In 41 we innovate by approaching strain separation as an Integer Linear Programming (ILP) problem. We introduce a strain-separation module, strainMiner, and integrate it into an established pipeline to create strain-separated assemblies from sequencing data. Across simulated and real experiments encompassing a wide range of error rates (5-12%), our tool consistently compared favorably to the state-of-the-art in terms of assembly quality and strain reconstruction. Moreover, strainMiner substantially cuts down the computational burden of strain-level assembly compared to published software by leveraging the powerful Gurobi solver.

8.2.2 Scaffolding step in genome assembly

Participants: Rumen Andonov, Victor Epain, Dominique Lavenier.

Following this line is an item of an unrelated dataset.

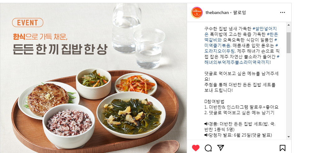 더반찬, 든든 한 끼 집밥 한 상먹고 싶은 메뉴 댓글 이벤트 (~6.24) 작성자유운이|작성시간24.06.20|조회수67 목록 댓글 0 글자크기 작게가 글자크기 크게가 https://www.instagram.com/p/C8YramvtX2J/ 다음검색 현재 게시글 추가 기능 열기 북마크 공유하기 신고 센터로 신고 댓글 댓글 0 댓글쓰기 답글쓰기 댓글 리스트

Scaffolding is an intermediate stage of fragment assembly. It consists in orienting and ordering the contigs obtained by the assembly of the sequencing reads. In the general case, the problem has been largely studied with the use of distance data between the contigs. Here we focus on a dedicated scaffolding for the chloroplast genomes. As these genomes are small, circular and with few repeats, numerous approaches have been proposed to assemble them. However, their specificities have not been sufficiently exploited. We give a new formulation for the scaffolding in the case of chloroplast genomes as a discrete optimisation problem, that we prove to be NP-Complete. It does not require distance information. It is focused on a genomic regions view, with the priority on scaffolding the repeats first. In this way, we encode the multimeric forms issue in order to retrieve several genome forms that can exist in the same chloroplast cell. In addition, we provide an Integer Linear Program (ILP) to obtain exact solutions that we implement in Python3 package khloraascaf. We test it on synthetic data to investigate its performance behaviour and its robustness against several chosen difficulties. While the scaffolding problem is traditionally defined with distance data, we show it is possible to avoid them in the case of the well-studied circular chloroplast genomes. The presented results show that the regions view seems to be sufficient to scaffold the repeats 16.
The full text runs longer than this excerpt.